France’s Christine Lagarde appointed to lead IMF (PHOTOS)

GlobalPost

French Finance Minister, Christine Lagarde, was chosen on June 28, 2011 to lead the International Monetary Fund (IMF), becoming the global finance organization’s first female managing director.

Her victory over Mexican central bank governor Agustin Carstens, her only competitor for the position, was confirmed after United States Treasury Secretary, Timothy F. Geithner, announced official support for Lagarde. “Minister Lagarde’s exceptional talent and broad experience will provide invaluable leadership for this indispensable institution at a critical time for the global economy,” Geithner said, according to the New York Times.

Lagarde’s appointment was all but confirmed before Geithner’s endorsement, and she has been the lead candidate since former IMF chief Dominique Strauss-Kahn resigned the post following his arrest in New York on sexual assault charges in May.
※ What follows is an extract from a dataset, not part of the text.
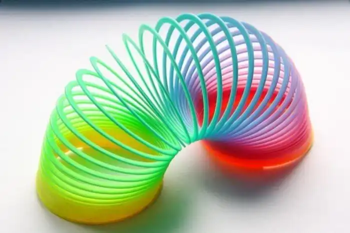 Слинки, пружинка, радуга – несколько названий одной игрушки, пользовавшейся популярностью в 90-х. Пожалуй, мало тех, кто не был её обладателем. Пружинку можно было перекидывать из одной руки в другую, успокаивая нервы. Наверняка, глядя на картинку, вы услышите треск «перетекающих» витков. Радуга обладала уникальной способностью – она «шагала» вниз по ступенькам, вызывая необычайный восторг. Диаметр колец позволял девочкам надевать пружинку на запястье и ходить с ней как с браслетами. Был у игрушки один минус – при неосторожном обращении с ней она запутывалась и если ее не осторожно распутать, то теряла свои свойства.
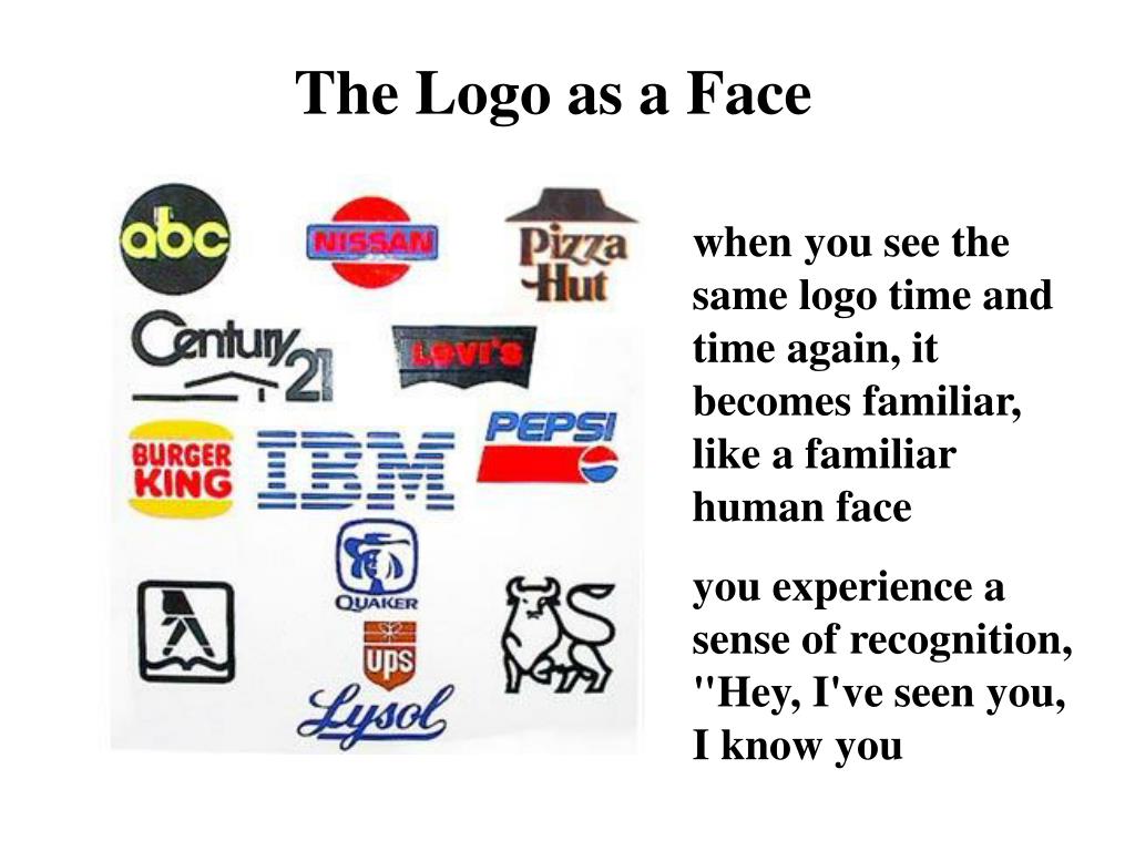 The Logo as a Face when you see the same logo time and time again, it becomes familiar, like a familiar human face you experience a sense of recognition, "Hey, I've seen you, I know you

Lagarde spent the last month campaigning worldwide for the position, meeting with leaders not only in the US, but also in Brazil, China, India, and Africa, whose power she pledged to increase in the fund.

Lagarde will be the first IMF chief who is not an economist, but she argues that her experience speaks for itself.

"I am deeply honored by the trust placed in me,” Lagarde said in a statement, reported by MSNBC, after the vote, “I would like to thank the fund's global membership warmly for the broad-based support I have received."

Before entering French politics in 2005 as Minister of Trade, she led the Chicago-based law firm Baker & McKenzie. Appointed French Finance Minister in 2007, she was one of the longest-serving ministers under French President Nicolas Sarkozy, and worked to change French work culture and make the country’s labor market laws more flexible. Among her countrymen, she is sometimes called “The American” for her attempt to promote what NPR describes as “US-style Puritan workaholism” in France. 

Stately, silver-haired, and stylish, Lagarde, 55, is considered one of the most powerful woman in the world, according to Forbes. As the new IMF chief starts in Washington on July 5, the world will be watching how she attempts to tackle the European debt crisis and restore the IMF’s image after the Strauss-Kahn scandal.

Edwin Truman, a senior fellow at the Peterson Institute for International Economics, who knows Lagarde and told NPR’s All Things Considered: "She is an aggressive spokesperson for the advancement of women in everything.”

During an interview in October with ABC’s Christiane Amanpour, Lagarde asserted that women bring positive energy to professional workplaces: "I think we inject less libido … And less testosterone into the equation… It helps in the sense that we don't necessarily project our egos into cutting a deal."